Saturday, June 02, 2007

A ghoulish false advertising ruling

Allen v. The Ghoulish Gallery, 2007 WL 1555739 (S.D. Cal.)

Plaintiff/counterdefendant Edward Allen filed this copyright lawsuit in February 2006. Defendants/counterclaimants Ghoulish Gallery and individuals associated with it, including Tim Turner, filed counterclaims in April 2006.

According to defendants, Turner is a Hollywood effects artist in the “haunt industry.” “In the early 1990s he created a changing portrait through lenticular lens array technology, which allows a viewer to perceive, from the same portrait, both an antique photographic portrait and a gruesome, scary version of the same portrait, by adjusting the viewer's line of sight.” For health reasons, he stopped work on the changing portraits from 1996 to 2002.

Allen and Turner allegedly met in 1992 at a haunted house where Turner was displaying his work. In 2003, Allen launched a website selling changing portraits using technology similar to Turner’s. Turner alleges that Allen has falsely advertised that his changing portraits are the “original works” and that his portraits are “award-winning.” Further, he alleges that Allen copied his website and created several portraits that are confusingly similar to Turner portraits. Moreover, he claims that Allen contacted at least two of his customers to tell them Turner was a thief and a liar; Allen claims these were his own former customers. Not content to stop there, Turner alleges, Allen contacted many haunt industry professionals to disparage him.
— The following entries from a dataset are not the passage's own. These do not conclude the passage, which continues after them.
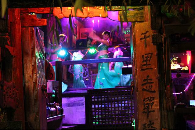 在我看来,每一张照片,好的或者坏的,都有它的来历和存在的理由,正如下面这张“千里走单骑”,里面带有少数民族特色的舞蹈的确很引人入胜,可是最终我未能走进去好好的欣赏这段表演。都说,到了丽江,不进酒吧,等于没有来过丽江,那么看来这次,我是白来了,不过也好,这次的彩云之南,遗憾真的还挺多。所以下次再去才有了更充分的理由,我一定会再次踏上这片神奇的土地!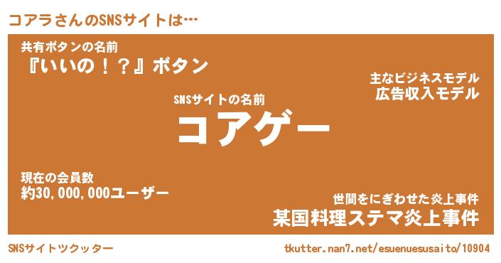 | ヘコむあだ名 | 『コアにー』『レバニラ』『コアお』 |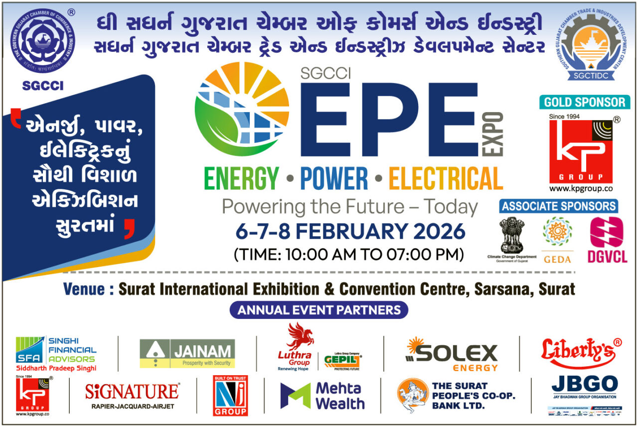 સુરતઃ ધી સધર્ન ગુજરાત ચેમ્બર ઓફ કોમર્સ એન્ડ ઇન્ડસ્ટ્રી અને સધર્ન ગુજરાત ચેમ્બર ટ્રેડ એન્ડ ઇન્ડસ્ટ્રીઝ ડેવલપમેન્ટ સેન્ટરના સંયુકત ઉપક્રમે તા. ૬, ૭ અને ૮ ફેબ્રુઆરી, ર૦ર૬ના રોજ સવારે ૧૦:૦૦થી સાંજે ૭:૦૦ કલાક દરમ્યાન સુરત ઇન્ટરનેશનલ એકિઝબિશન એન્ડ કન્વેન્શન સેન્ટર, સરસાણા, સુરત ખાતે ‘એનર્જી–પાવર–ઇલેકિટ્રકલ એક્ષ્પો ર૦ર૬’નું આયોજન કરવામાં આવ્યું છે.

After the initial filings, parties spent the next several months in negotiations that failed. In March 2007, defendants sought a preliminary injunction preventing Allen from making disparaging comments about them or this litigation on the internet, over the phone, at tradeshows, at conventions, etc.; contacting any of their customers; or advertising that Allen originated the changing portrait. At the hearing, Allen represented that he had removed the comments available on the internet to which Turner had objected.

The court denied injunctive relief on the ground that defamatory statements cannot be restrained before a final adjudication that they are defamatory. The proposed injunction would be a prior restraint in violation of the First Amendment, and defendants have legal remedies in the law of trade libel, defamation and intentional interference with prospective economic advantage.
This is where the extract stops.